_What to produce:_ In the records below, begin at the line containing "五月天和刘若英合作的新歌《意" and end at the line containing "注意事項:● 雙層真空不鏽鋼容器,皆具有保冷保溫功能,為避免燙口,燙傷或其他不當使用等意外,故包裝僅標示 保冷專用。"; quote every line in that span exactly, including both boundary lines, and no others.

_Materials provided:_
◇ ◇ ◇ ◇

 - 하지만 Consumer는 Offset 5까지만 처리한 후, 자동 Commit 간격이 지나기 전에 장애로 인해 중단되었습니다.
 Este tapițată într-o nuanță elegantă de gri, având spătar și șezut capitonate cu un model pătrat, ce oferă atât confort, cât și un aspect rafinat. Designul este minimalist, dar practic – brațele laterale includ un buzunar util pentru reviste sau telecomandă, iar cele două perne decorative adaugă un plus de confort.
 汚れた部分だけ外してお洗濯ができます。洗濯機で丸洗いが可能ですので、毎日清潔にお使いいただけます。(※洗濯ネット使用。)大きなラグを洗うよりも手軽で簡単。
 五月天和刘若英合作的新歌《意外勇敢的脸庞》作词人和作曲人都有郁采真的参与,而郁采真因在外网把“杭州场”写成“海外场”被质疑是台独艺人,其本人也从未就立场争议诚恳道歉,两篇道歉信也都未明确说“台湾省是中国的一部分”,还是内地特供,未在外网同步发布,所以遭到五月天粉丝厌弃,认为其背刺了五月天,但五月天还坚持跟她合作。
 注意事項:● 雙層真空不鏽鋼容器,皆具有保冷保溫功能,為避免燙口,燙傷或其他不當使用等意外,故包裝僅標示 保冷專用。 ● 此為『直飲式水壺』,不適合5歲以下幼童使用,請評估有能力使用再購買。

◇ ◇ ◇ ◇

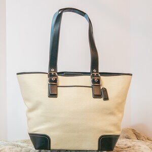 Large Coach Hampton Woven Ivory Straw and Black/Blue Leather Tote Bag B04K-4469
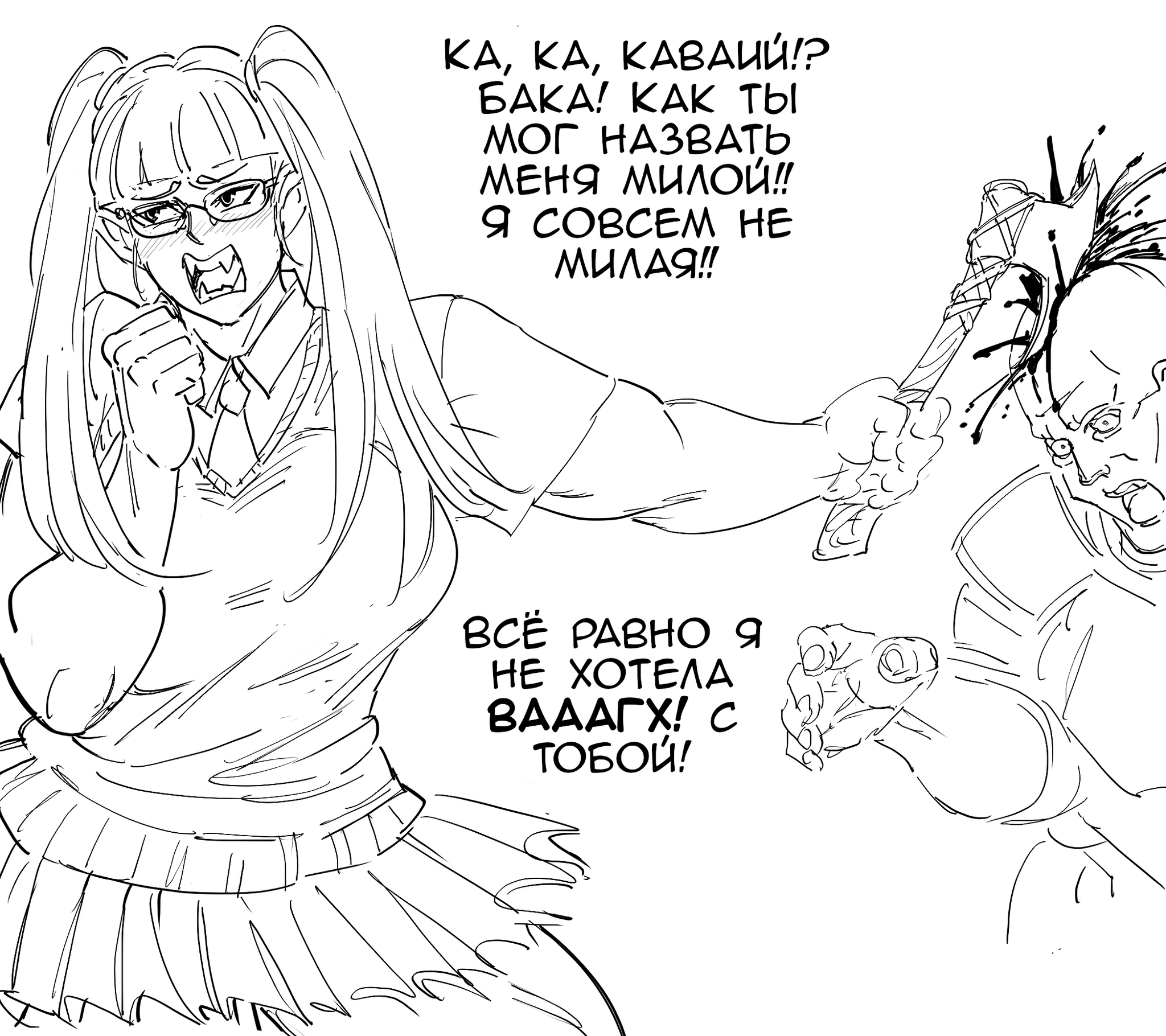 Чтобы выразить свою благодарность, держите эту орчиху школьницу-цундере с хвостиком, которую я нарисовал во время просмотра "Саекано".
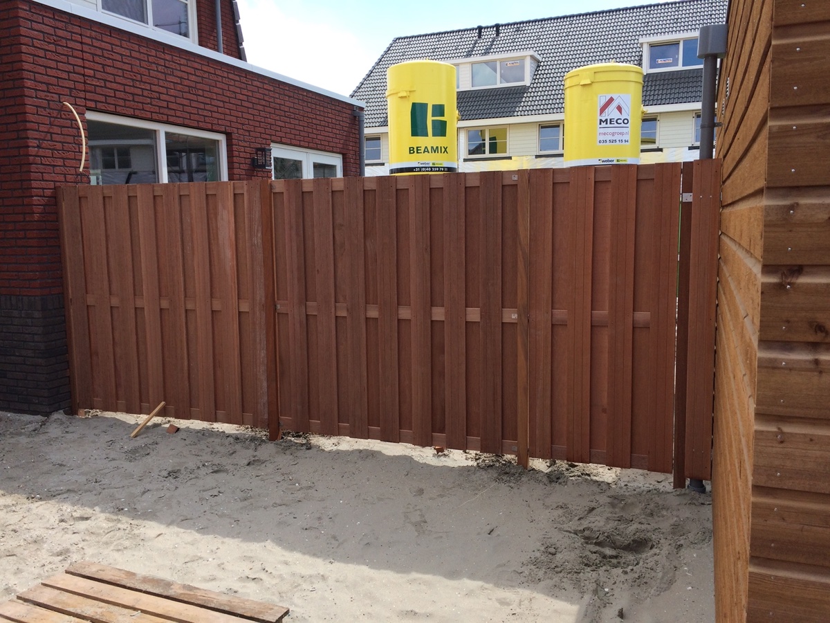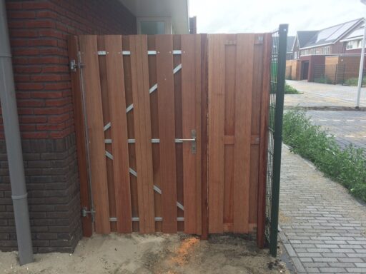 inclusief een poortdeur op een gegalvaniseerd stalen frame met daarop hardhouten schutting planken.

◇ ◇ ◇ ◇

_Solution to this problem:_
 五月天和刘若英合作的新歌《意外勇敢的脸庞》作词人和作曲人都有郁采真的参与,而郁采真因在外网把“杭州场”写成“海外场”被质疑是台独艺人,其本人也从未就立场争议诚恳道歉,两篇道歉信也都未明确说“台湾省是中国的一部分”,还是内地特供,未在外网同步发布,所以遭到五月天粉丝厌弃,认为其背刺了五月天,但五月天还坚持跟她合作。
 注意事項:● 雙層真空不鏽鋼容器,皆具有保冷保溫功能,為避免燙口,燙傷或其他不當使用等意外,故包裝僅標示 保冷專用。 ● 此為『直飲式水壺』,不適合5歲以下幼童使用,請評估有能力使用再購買。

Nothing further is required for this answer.